Production¶
Once your project is setup, the next step is to prepare the production workflow, i.e. automate the build and publication.
Save and Rebuild¶
The Python script you wrote is useful to design your website, but when the conception is done, it is no longer necessary. Instead, you can save your project to a JSON file, and use it directly from the console.
Warning
Custom plugins are not supported by the Save and Rebuild feature. If necessary, you have to stick to the design script and run it with python.
To do so, call the Hausse.save() method on your project. The setting file name is hausse.json by default.
Rebuilding from the console is done by running the Hausse module with the --build argument:
python -m hausse hausse.json --build
Tip
You can skip the file argument if one with a default name is present in current directory.
Publish¶
You are now able to build your static website on-demand via a single command. While you can put the built static HTML files on a web server, you can also take advantage of this easy build process to use services such as GitLab Pages or GitHub Pages.

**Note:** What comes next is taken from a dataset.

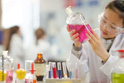 Girl student examining pink liquid, conducting scientific experiment in laboratory classroom

Example of GitLab Pages workflow:
image: python:latest
variables:
PIP_CACHE_DIR: "$CI_PROJECT_DIR/.cache/pip"
cache:
paths:
- .cache/pip
- .venv/
before_script:
- python -V
- virtualenv .venv
- source .venv/bin/activate
pages:
script:
- pip install build pybars3 markdown2 pyyaml
- python -m hausse --dist public --build
artifacts:
paths:
-public
Note
GitLab looking for Pages files in a directory named public, you should use the argument --dist to fix the output directory accordingly. This is equivalent to adding .destination('public') in the design script.